Thread: Veriyfing that point given is either maximum or minimum

1. Veriyfing that point given is either maximum or minimum

Use an algebraic strategy to verify that the point given for the function is either a maximum or minimum.

f(x) = x3 - 3x; (-1,2)

The answer should be 0 yet i get another answer. This is what i did:[COLOR=rgb(0, 0, 0)]

[/COLOR] $(a+h)-(a)/h=(-1+h)-(-1)/h=(-1+h)^3-(-3(-1))/h$

$(-1+h)(-1+h)(-1+h)=(1-h-h+h^2)(-1+h)=-1+3h-3h^2+h^3$

$(-1+3h-3h^2+h^3-3/h$

"h's" cancel

$-1+3-3h+h^2-3=h^2-3h-1$

$h=0.01,h=-0.01$

$(0.01)^2-3(0.01)-1=-1.0299$

$(-0.01)^2-3(-0.01)-1=-0.9699$

$-1.0299+(-0.9699)/2=-0.9999$

It should = 0 however and the slopes should be negative right side and positive left side I believe proving it is a maximum.

2. Check the first step.
It should be

$\frac{( a + h) - a}{h}$ It becomes

$\frac{[(-1 + h)^3 - 3(-1 +h)] - [ (-1)^3 -3(-1)]}{h}$

Now proceed.

3. Yeh that's what I did. I'm new with latex so I really ment h dividing that whole part not just "a" which gives me the answer that I got

4. Simplify the numerator and see what you get.

5. Alright so I tried again hopefully correctly but in the end I still didn't get that 0 i'm looking for

[tex](-1+h)^3-3(-1+h)-[(-1)^3-3(-1)]/h[\MATH]

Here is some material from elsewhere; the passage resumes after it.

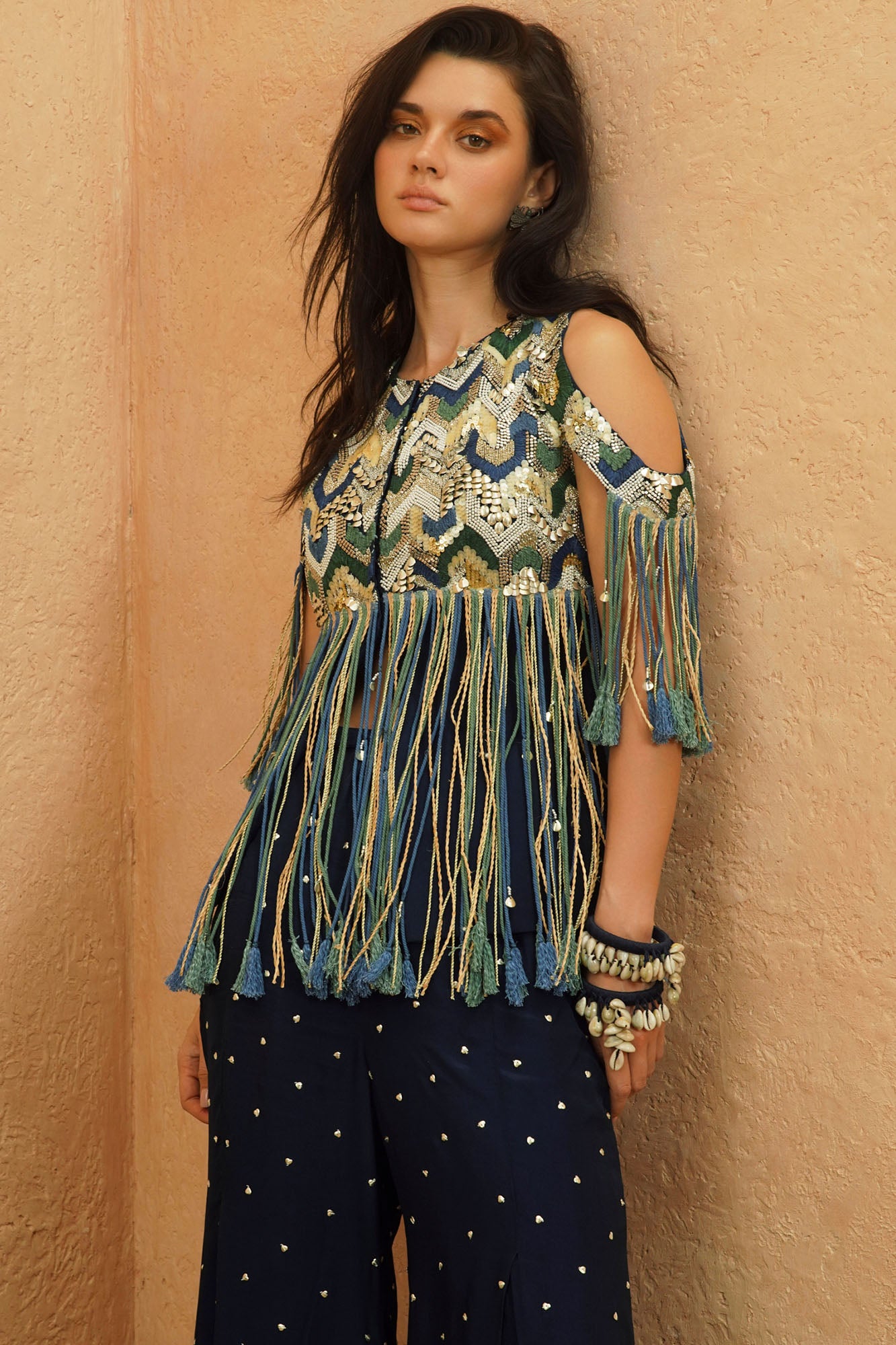 A striking ensemble featuring a cold-shoulder jacket with intricate embellishments and playful fringe details, paired with pleated flared pants adorned with delicate accents. The mix of textures and movement adds a bold, bohemian-chic vibe.

[tex]-1+3h-3h+3h^3-[-1+3][\MATH]

[tex]-1+1-3+3h-3h+3h^3/h[\MATH]

"h's cancel plus other numbers"

[tex]3h-3[\MATH]

[tex]3(0.01)-3 = -2.97[\MATH]

[tex]3(-0.01)-3 = -3.03[\MATH]

[tex]-2.97+(-3.03)/2 = -3[\MATH]

This time i get -3 instead of 0 and both "h's" left and right sides are negative instead of being left positive and right negative proving it to be a maximum

6. Alright after many many tries i managed to get a tangent of 0.0001. Not 0 but really really close so I guess that's good enough and I also got the right side to be negative and left side positive proving its a maximum. The problem was that I made a simple but at the same time major mistake simplifying.